Clustering by GPU
==================

In short, we try a lot of technologies and find that GPU acceleration is the most efficient way to speed up clustering.

Requirements
============

CUDA
----

***Linux*** users installing CUDA follow the guide, [NVIDIA CUDA Installation Guide for Linux](https://docs.nvidia.com/cuda/cuda-installation-guide-linux/).

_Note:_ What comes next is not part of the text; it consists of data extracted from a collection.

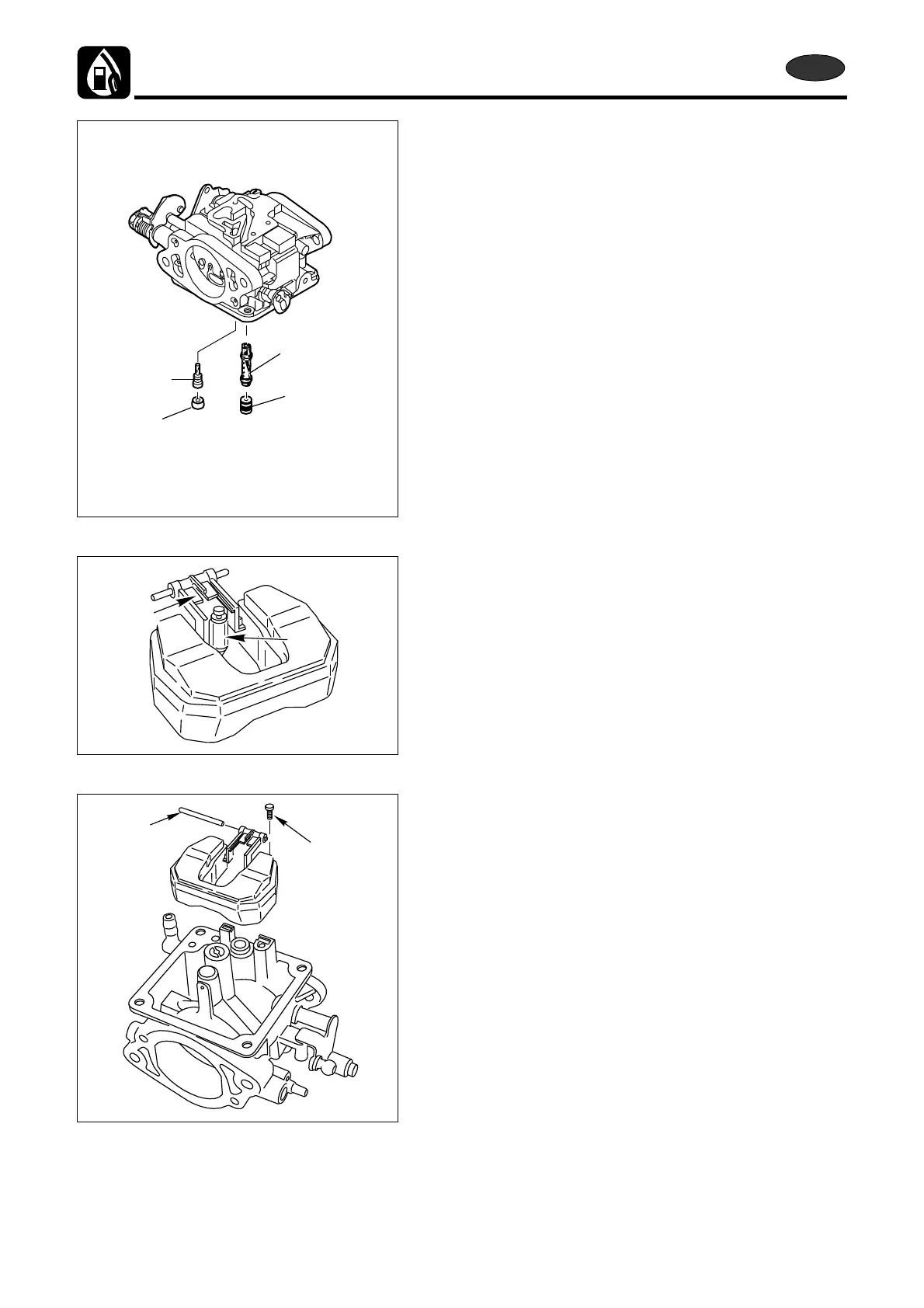 3. Attach float ass’y with float arm pin 7 and secure with screw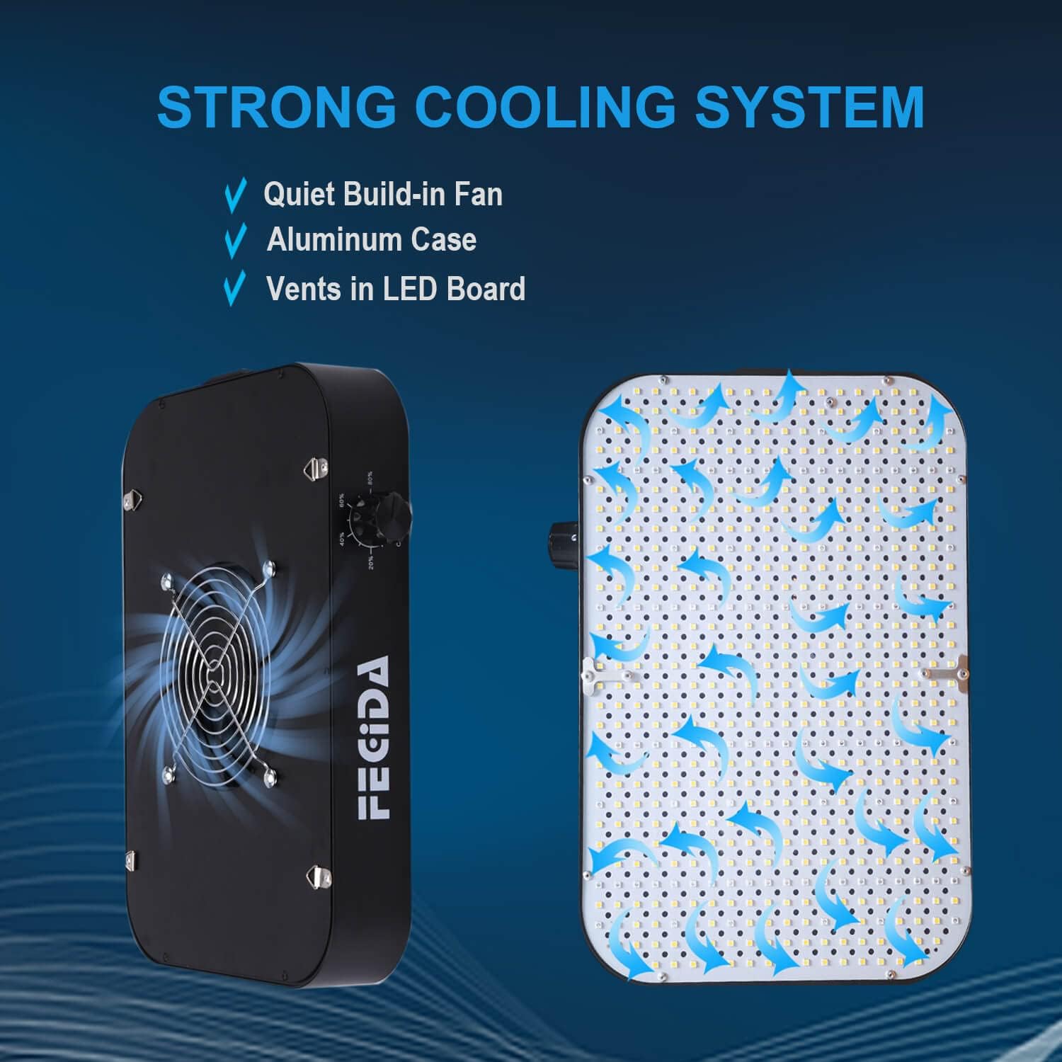 Die FECiDA LED-Pflanzenlampe bietet eine hohe Lichtausbeute von 12.000 Lumen, um das Wachstum von Pflanzen in jeder Phase zu fördern. Mit einem Vollspektrum aus 576 LEDs ist die Lampe ideal geeignet für ein 60 x 60 cm Growzelt. Die Nutzer profitieren von der integrierten stufenlosen Dimmfunktion, die es ermöglicht, die Lichtintensität von 0 bis 100 Prozent je nach Pflanzenwachstumsphase anzupassen, was eine effektive Anpassung des Lichts und Energieersparnisse zur Folge hat. Ein zusätzlicher Vorteil ist die Daisy Chain Funktion, die es gestattet, bis zu vier dieser Lampen ohne zusätzliche Stromkabel miteinander zu verbinden – ideal für grössere Anbauflächen.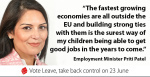 Our children can grow up safe and secure in thy knowledge that we are part of the EU which has helped guarantee peace in Europe since the Treaty of Rome in 1957.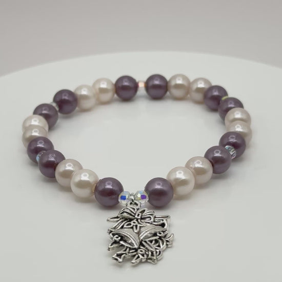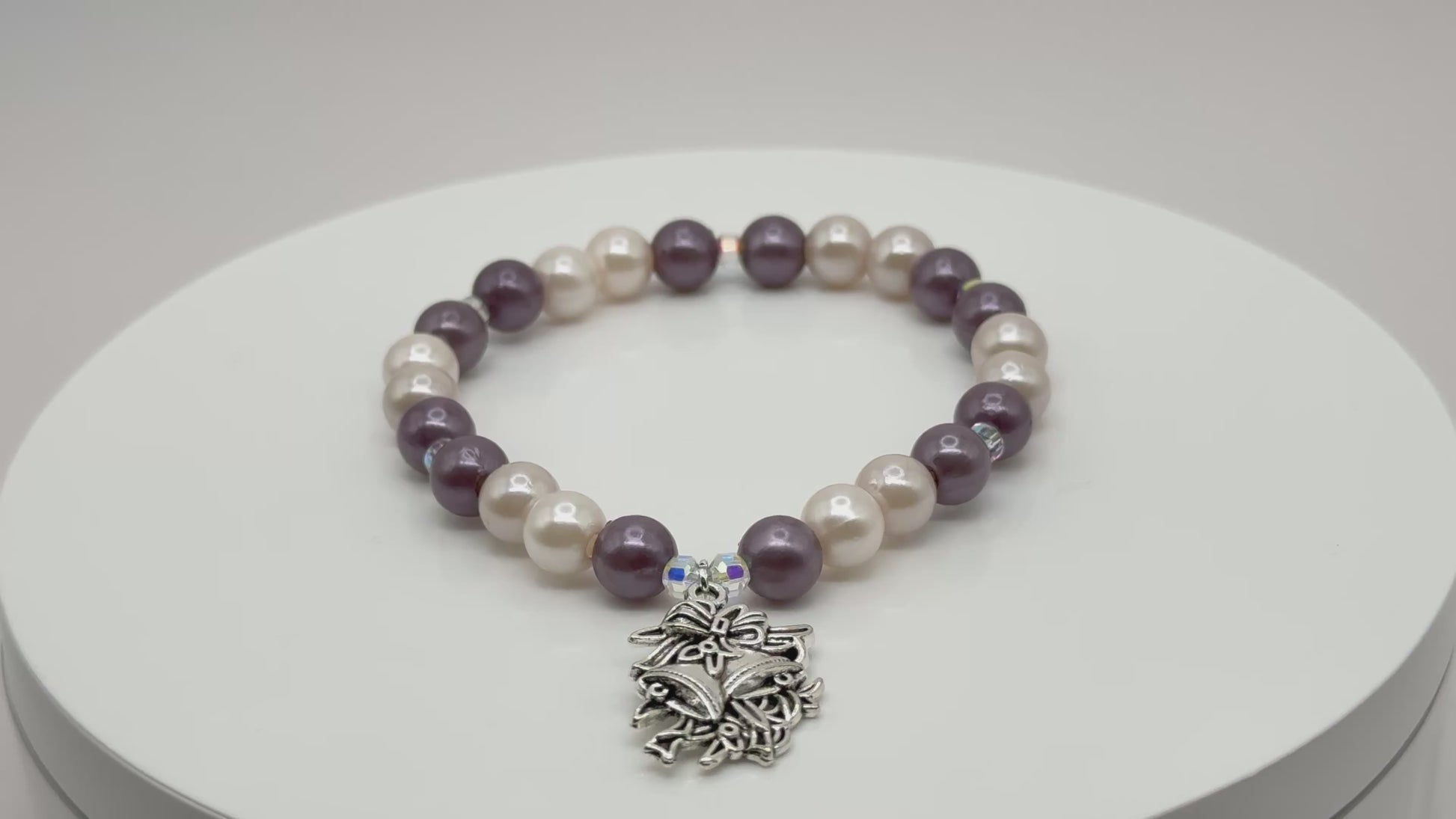 Inspired by the magic of the Nutcracker, this stretch bracelet features plum and ivory pearls with a silver bell charm that jingles with holiday charm. Sweet, elegant, and full of whimsy!
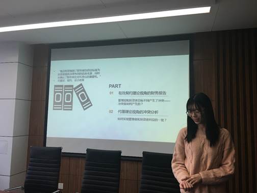 钱晨同学的汇报从两个部分展开:一是有效契约理论视角的财务报告,二是代理理论视角的冲突分析。在第一部分中,钱晨同学详细介绍了有效契约的概念、有效契约需求的来源、有效契约的会计政策以及雇员股票期权等内容。其中,她重点阐述了管理层和投资者二者间的目标冲突,并分析了财务报告在解决目标冲突中的作用。在第二部分中,钱晨同学重点运用代理理论分析了用来联合所有者和管理者利益的常用方式。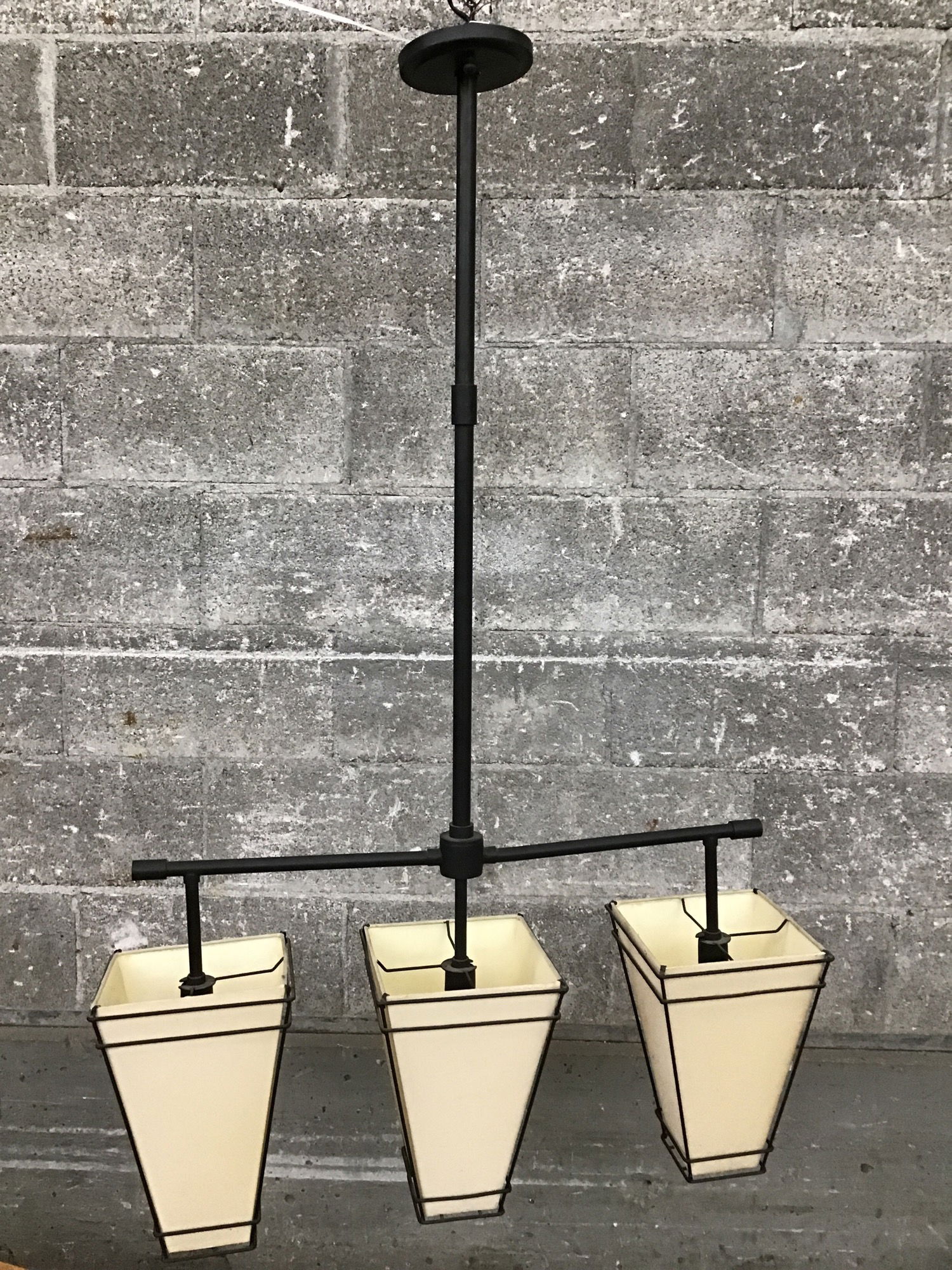 Interesting modern light with three shades, looks like it would thrive above a dining table.
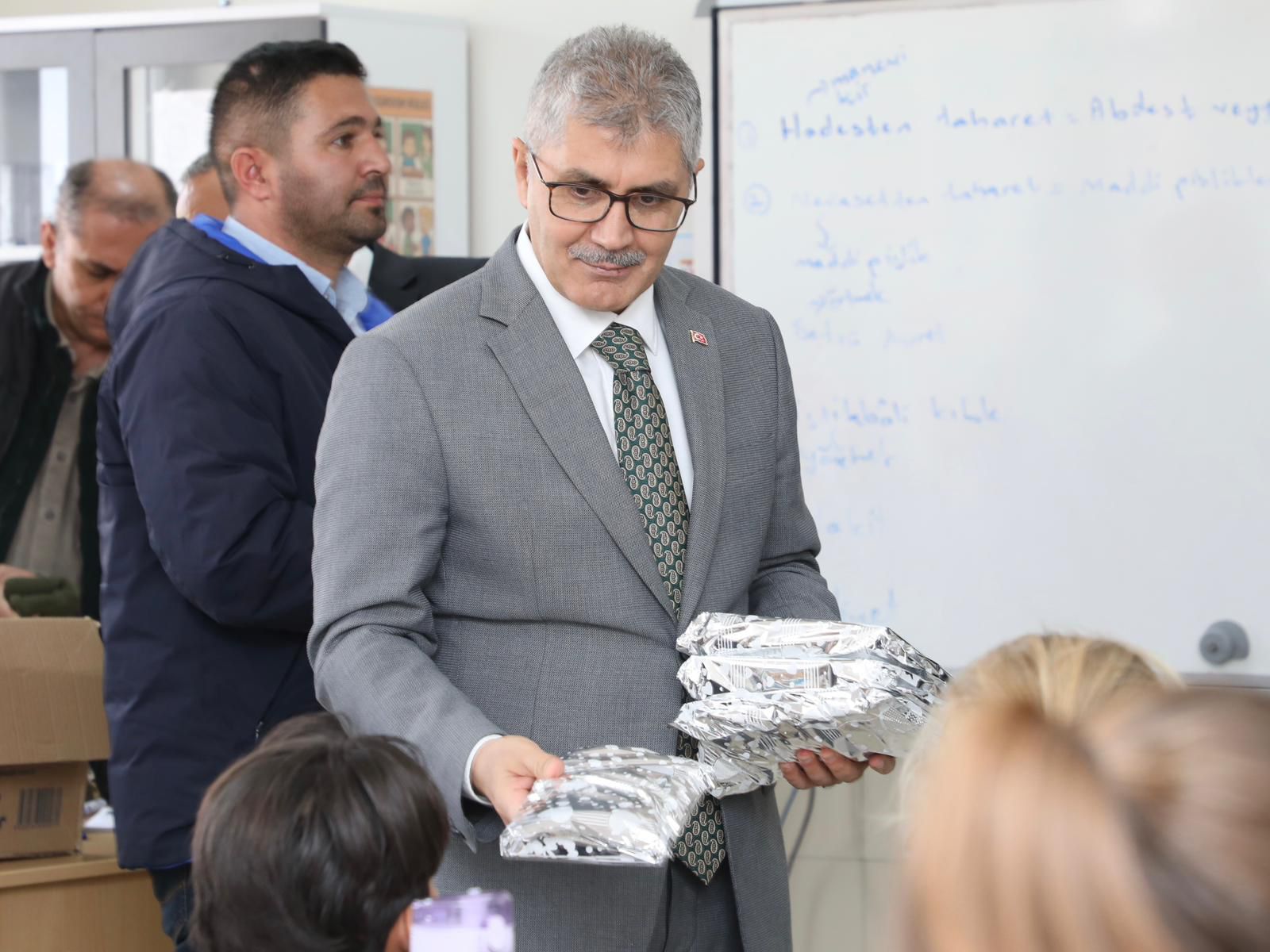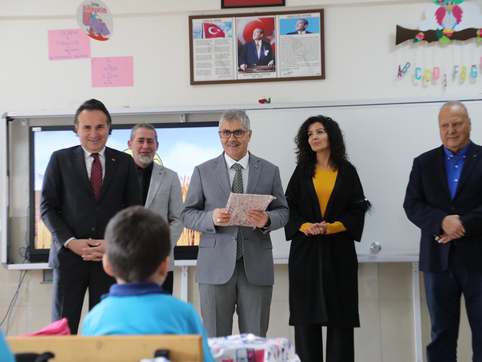 Öğrencilerin dersleri ve hedefleri üzerine sohbet eden Vali Çelik, başarı dileklerini ileterek öğrenciler için özenle hazırlanan küçük armağanlar takdim etti. Eğitimin yalnızca fiziki yapılarla değil, sevgi ve emekle güçlendiğini vurgulayan Vali Çelik, hayırsever katkılarının önemine dikkat çekti.

Installing CUDA on ***Windows*** is a bit more complicated because Stereopy is not supported on Windows. Following the guide [CUDA on WSL User Guide](https://docs.nvidia.com/cuda/wsl-user-guide/index.html#getting-started-with-cuda-on-wsl), you can run Stereopy with the GPU option on WSL.

RAPIDS on Anaconda
----

Select the correct version on [RAPIDS' official website](https://rapids.ai/start.html). The following command is closely related to my environment:

``conda create -n rapids-22.12 -c rapidsai -c conda-forge -c nvidia rapids=22.12 python=3.8 cudatoolkit=11.5``

NOTE: My real experience installing CUDA on WSL successfully with ***NVIDIA Studio Driver WHQL 522.30*** according to this [bug](https://forums.developer.nvidia.com/t/cudaruntimeapierror-100-call-to-cudaruntimegetversion-results-in-cuda-error-no-device/234740)  reporter's advice. By the way, this is my personal PC environment with CUDA:
* Intel Core i7-7700k
* NVIDIA-GeForce-RTX-3060（NVIDIA-SMI 522.30; Driver Version: 522.30; CUDA Version: 11.8）
* WSL2 on Windows10(21H2)

Stereopy Installation
----

Installing StereoPy by anaconda fails in this Conda GPU environment. Only [PyPI Installation](https://stereopy.readthedocs.io/en/latest/General/Installation.html#pypi) will succeed.

``pip install stereopy``

# Test

Common part:

In [2]:
import sys
sys.path.insert(0, "/ldfssz1/ST_BI/USER/lyonlin/stereopy")
import stereo as st

gef_file = '/ldfssz1/ST_BI/USER/stereopy/test/xujunhao/data/SS200000135TL_D1/SS200000135TL_D1.gef'
bin_size = 50

data = st.io.read_gef(gef_file, bin_size=bin_size)
data.tl.cal_qc()
print(data.exp_matrix.shape)
data.tl.normalize_total(target_sum=1e4)
data.tl.log1p()
data.tl.highly_variable_genes(min_mean=0.0125, max_mean=3, min_disp=0.5, res_key='highly_variable_genes', n_top_genes=None)
data.tl.pca(use_highly_genes=True, hvg_res_key='highly_variable_genes', n_pcs=20, res_key='pca', svd_solver='arpack')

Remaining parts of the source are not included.